「那覇市旧跡・歴史的地名地図」と真和志民俗地図から坂下あたりの養蚕関係施設。
AとBは養蚕試験場跡(参照:那覇市旧跡・歴史的地名地図)、Cは真和志民俗地図による瑞泉社。

参考:
グダグダ(β) 瑞泉社(製糸)沖縄大百科事典から。
明治初期には、旧士族のあいだでも養蚕をするものがみられ、さらに1897(明治30)年に、沖縄県は養蚕奨励のため専任技手を農事試験場におき、また場内に桑園を設け、各町村の巡回指導などをおこない、一般への普及につとめた。
大正時代に入り、養蚕は全県下に普及し、とくに第一次世界大戦による絹糸価格の高騰と、21(大正10)年以降の糖業不振から、農家所得の安定確保をはかる手段として積極的に奨励された。28(昭和3)年沖縄県立養蚕試験場が独立、30年には蚕業取締所が設置されて、蚕糸業に関する試験研究および取締期間が整備された。(略)また「蚕糸業法」による組合製糸・瑞泉社の設立もみられ、県下の産蚕処理にあたり、原料生糸を生産した。40年には沖縄蚕業史上最高の502トンの収穫をあげ、養蚕戸数約9000戸、桑園面積1304ヘクタールとなり、重要な副業として発展した。
沖縄大百科事典(省略と抜粋)同じ項の「原蚕飼育」から。
昭和初期の沖縄の養蚕は、種繭(春蚕、晩秋蚕)と糸繭(夏蚕、初秋蚕)の生産があったが、繭の生産量や販売価格の面から、種繭生産を中心としていた。
(略)
片倉・神栄産業・郡是・昭和・昭栄などの各製糸会社は1929(昭和4)年ごろから、那覇市に出張所を置き、31年には農林省蚕糸試験場沖縄試育所も設置され、増殖事業が開始された。(略)春・秋の種繭のころには各県の蚕業関係研究者や製造業者が来県し活況を呈していた。

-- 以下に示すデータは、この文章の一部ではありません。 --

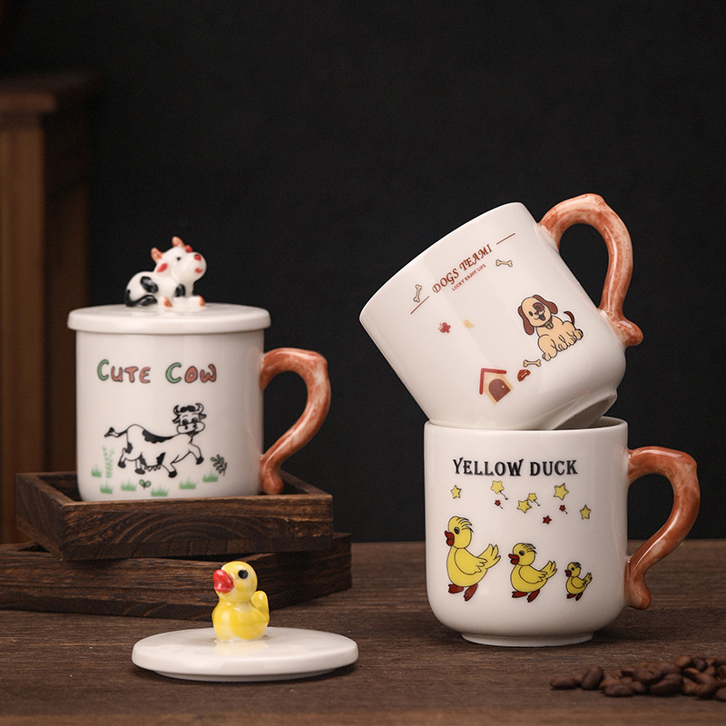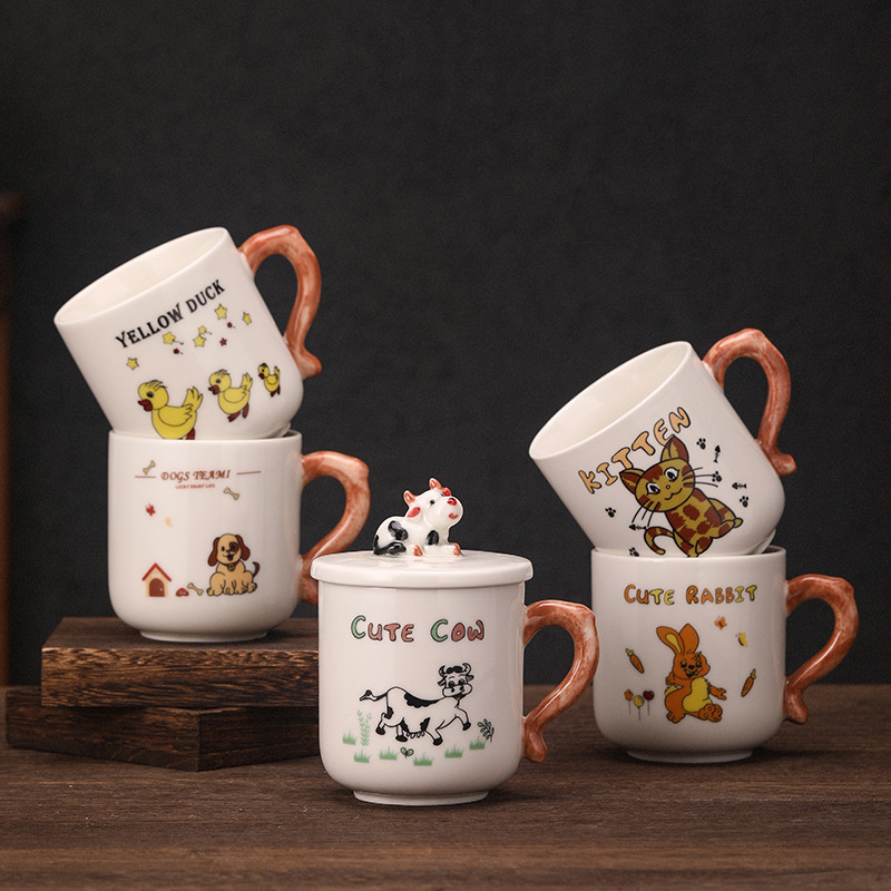 かわいい漫画セラミックマグカップ子供朝食カップ子牛ウサギ水カップパンダ子犬小黄鴨コーヒーカップ

原蚕飼育は分場方式がとられ、養蚕家は業者から委託された原種を飼育し、生産した繭を販売する方法であった。原蚕製造高は、37年には原蚕種が全国の12.5%、普通蚕種は1.4%で、全国でも優れていた。売上高は46万5030円、ほとんどが県外移出であった。
沖縄大百科事典(省略と抜粋)戦前の新聞をみていると蚕関連の広告がけっこうあります。
現代では浦添市が養蚕にとりくんでますね。